Thursday, 13 January 2000
George J. Huffman, NASA/GSFC and SSAI, Greenbelt, MD; and R. F. Adler and D. T. Bolvin
The One-Degree Daily (1DD) precipitation dataset was recently developed for the Global Precipitation Climatology Project (GPCP). The 1DD provides a globally-complete, observation-only estimate of precipitation on a daily 1°x1° grid for the period 1997 through late 1999 (by the time of the conference). In the latitude band 40°N-40°S the 1DD uses the Threshold-Matched Precipitation Index (TMPI), a GPI-like IR product with the Tb threshold and (single) conditional rain rate determined locally for each month by the frequency of precipitation in the GPROF SSM/I product and by the precipitation amount in the GPCP satellite-gauge (SG) combination. Outside 40°N-40°S the 1DD uses a scaled TOVS precipitation estimate that has adjustments based on the TMPI and the SG. This first-generation 1DD has been in beta test preparatory to release as an official GPCP product.

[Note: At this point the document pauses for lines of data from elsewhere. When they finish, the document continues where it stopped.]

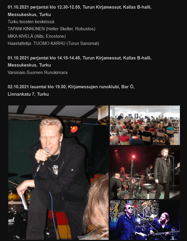 Turun Kirjamessut Posted on 24.9.2021 by caution2 Alibi myynnissä Enostonen osastolla ja Kivelä esiintymässä messuilla perjantaina 1.10. sekä messujen iltaklubilla Bar Ö:ssä lauantaina 2.10. Jaa tämä: Click to share on X(Avautuu uudessa ikkunassa) X Jaa Facebookissa(Avautuu uudessa ikkunassa) Facebook Tykkää Lataa...
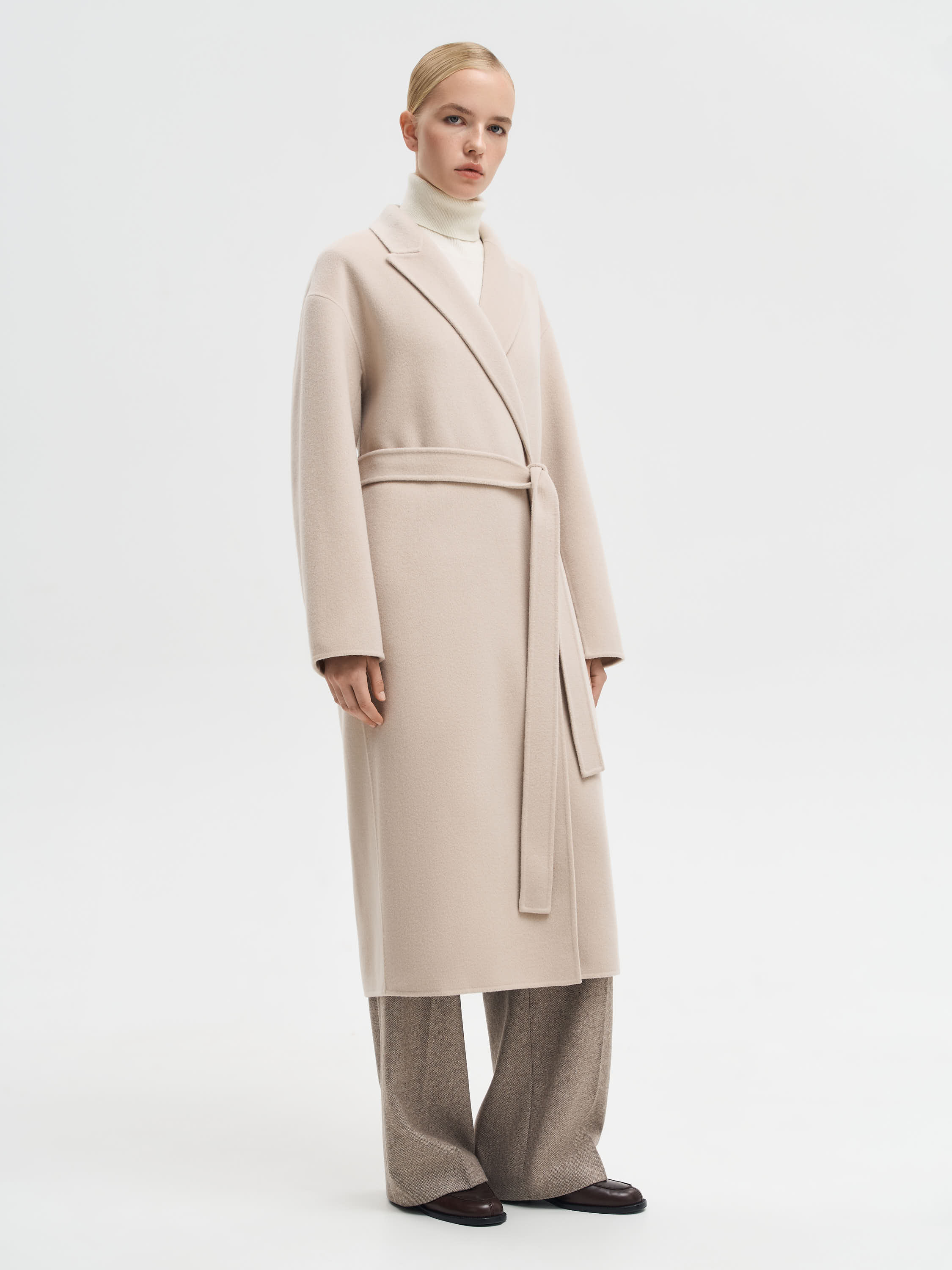 Пальто с запахом из плотного полотна на основе шерсти мериноса с добавлением кашемира и полиэстера. Материал устойчив к деформациям, при этом сохраняет мягкость и тактильное тепло, а благодаря шерстяной основе хорошо держит форму. Классический крой дополнен широким поясом, позволяющим подчеркнуть талию или оставить силуэт свободным. Английский воротник придает модели сдержанную элегантность, а длина миди делает ее универсальной для разных комплектов. Пальто гармонично вписывается в деловой и повседневный гардероб, сочетаясь с платьями, брюками и трикотажем, и подходит как для городской носки, так и для более собранных образов.
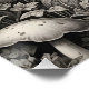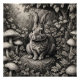 Hermoso conejo en un jardín de setas con árboles y hojas dibujando.
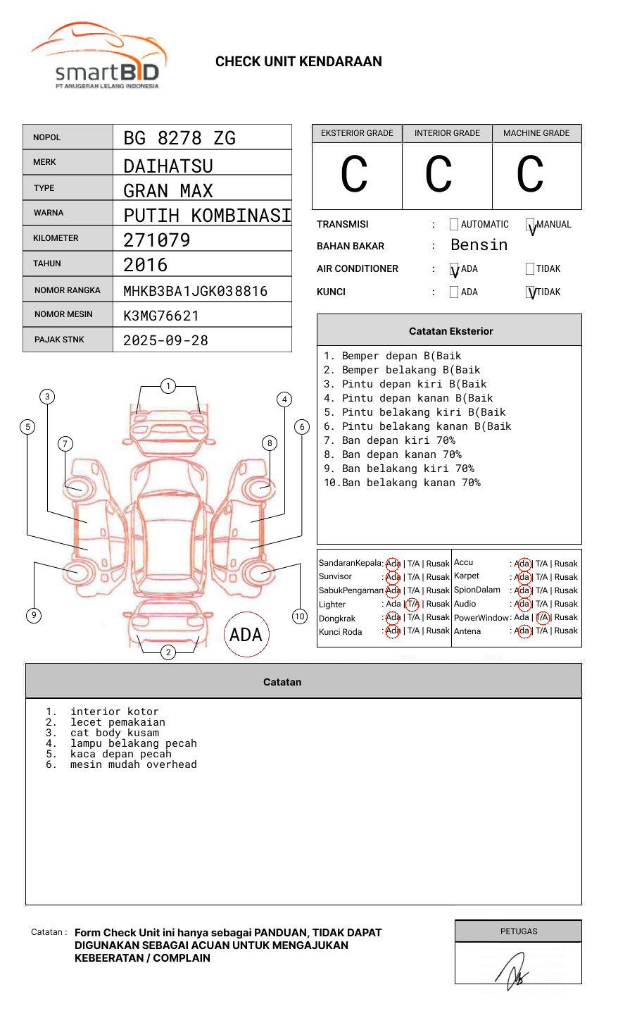 SEBELUM MELAKUKAN PENAWARAN UNIT PESERTA LELANG WAJIB MELAKUKAN PENGECEKAN UNIT DAN DOKUMEN TERLEBIH DAHULU // CHANDRA +62 813-6662-6995 /  DEDDY 082280573391 // HANYA ADA KARTU KIR
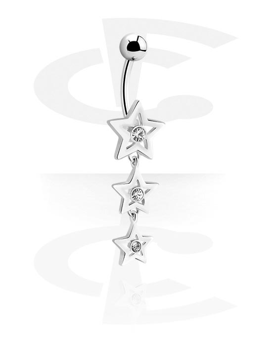 Curved barbell made of surgical steel featuring three jewelled star dangles. A romantic, sparkling eye-catcher for your belly button piercing, with jewelled stars in different colors for you to choose from.
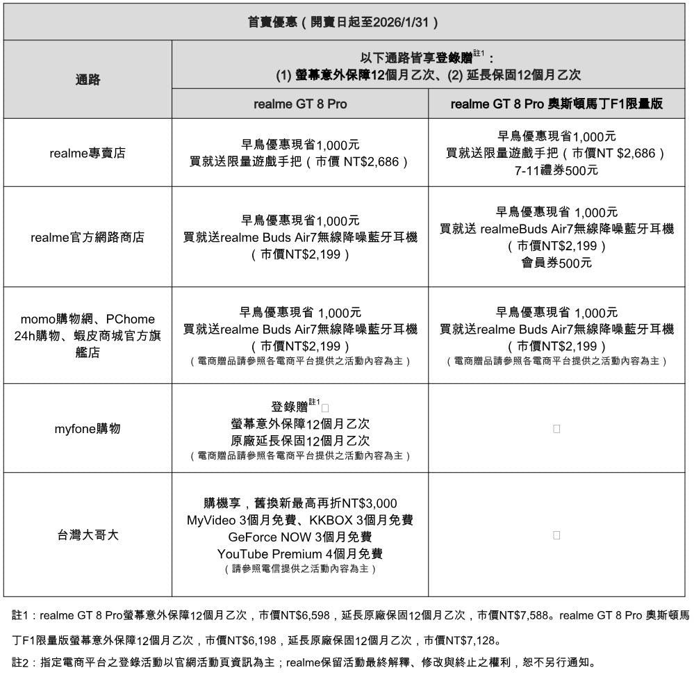 realme GT8 Pro即日開放預購,12月26日開賣,提供單一16GB RAM+512GB規格,具備「風動白」及「星馳藍」兩款基本色,建議售價為30,990元;採用「奧斯頓馬丁綠」的Aston Martin F1版建議售價為32,990元,即日起開放預購,2025年12月26日正式限量開賣。於2026年1月31日購入realme GT8 Pro或GT8 Pro Aston Martin F1限量版,加贈螢幕意外險12個月1次以及延長保固12個月,此外於不同通路加贈藍牙耳機或遊戲手把等不同配件。

In this paper we discuss further development of the 1DD framework to allow the direct incorporation of TRMM and other high-quality precipitation estimates. First, these data are generally sparse (typically from low-orbit satellites), so a fair amount of work was devoted to data boundaries. Second, these data are not the same as the original 1DD estimates, so we had to give careful consideration to the best scheme for forcing the 1DD to sum to the SG for the month. Finally, the non-sun-synchronous, low-inclination orbit occupied by TRMM creates interesting variations against the sun-synchronous, high-inclination orbits occupied by the Defense Meteorological Satellite Program satellites that carry the SSM/I.
Examples will be given of each of the development issues, then comparisons will be made to daily raingauge analyses.